Now simply substitute:

$\mathbf A(x,y,z) = z\ \hat i - 2x\ \hat j + y\ \hat k=$

$=z(\cos\phi\hat\rho-\sin\phi\hat\phi)-2\rho\cos\phi(\sin\phi\hat\rho+\cos\phi\hat\phi)+\rho\sin\phi\hat k$

Rearrange and we are done.

$$\mathbf A(\rho,\phi,z) =(z\cos\phi-2\rho\sin(2\phi))\hat\rho-(z\sin\phi+2\rho\cos^2\phi)\hat\phi+\rho\sin\phi\hat k$$

Answer 2

There's some shortcuts.

$$\vec{A}=\sum_{i=1}^3f_i(x,y,z)\vec{e_i}$$

Where $\vec{e_i}$ cycles through the unit vectors, $\vec{e_1}=\hat{i}=\hat{x}$, $\vec{e_2}=\hat{j}=\hat{y}$,$\vec{e_3}=\hat{k}=\hat{z}$

And $f_1(x,y,z)=z; f_2(x,y,z)=-2x; f_3(x,y,z)=y$

$\vec{A}$ remains the same vector regardless of which coordinates are used. The components and the unit vectors change.

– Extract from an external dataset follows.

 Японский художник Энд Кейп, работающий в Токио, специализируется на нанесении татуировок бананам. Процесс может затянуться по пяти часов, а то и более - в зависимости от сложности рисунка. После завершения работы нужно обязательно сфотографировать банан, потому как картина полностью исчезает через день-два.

So $$\vec{A}=\sum_{i=1}^3f_i(x,y,z)\vec{e_i}=\vec{A}=\sum_{i=1}^3g_i(r,\theta,z)\vec{\mu_i}$$

Take the dot product of $\vec{A}$ with $\vec{\mu_j}$ and all $\vec{\mu_j}$ are orthogonal.

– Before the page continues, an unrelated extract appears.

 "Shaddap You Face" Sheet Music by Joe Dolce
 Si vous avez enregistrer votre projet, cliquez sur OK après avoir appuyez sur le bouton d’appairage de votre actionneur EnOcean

$$g_j=\sum_{i=1}^3f_i(x,y,z)(\vec{e_i}\cdot\vec{\mu_j})$$

$$g_r=z\cos{\theta}+(-2r\cos{\theta})(\sin{\theta})+(r\sin{\theta})(0)$$

The dot product can be simplified.

Consider the infinitesimal displacement where a repeated index implies summation over that index from 1 to 3:

$$d\vec{r}=dx_i\vec{e_i}=dx_\mu\vec{e_\mu}$$

By the chain rule, $dx_i=\frac{\partial x_i}{\partial x_\mu}dx_\mu$

So

$$dx_i\vec{e_i}=\frac{\partial x_i}{\partial x_\mu}dx_\mu\vec{e_i}=dx_\mu\vec{e_\mu}$$

$$dx_\mu(\frac{\partial x_i}{\partial x_\mu}\vec{e_i}-\vec{e_\mu})=0$$

This is to hold regardless of the displacement, so the term in parentheses is zero.

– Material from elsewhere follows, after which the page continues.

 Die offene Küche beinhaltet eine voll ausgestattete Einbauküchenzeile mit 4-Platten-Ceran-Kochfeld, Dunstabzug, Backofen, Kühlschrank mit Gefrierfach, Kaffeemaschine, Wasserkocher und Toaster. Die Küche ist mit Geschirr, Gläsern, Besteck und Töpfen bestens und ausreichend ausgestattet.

So: $\frac{\partial x_i}{\partial x_\mu}\vec{e_i}=\vec{e_\mu}$

Take the dot product with $\vec{e_j}$

$$\frac{\partial x_i}{\partial x_\mu}(\vec{e_i}\cdot \vec{e_j})=(\vec{e_j}\cdot \vec{e_\mu})=\frac{\partial x_j}{\partial x_\mu}$$

So the dot products between the basis vectors are partial derviatives with respect to the coordinates.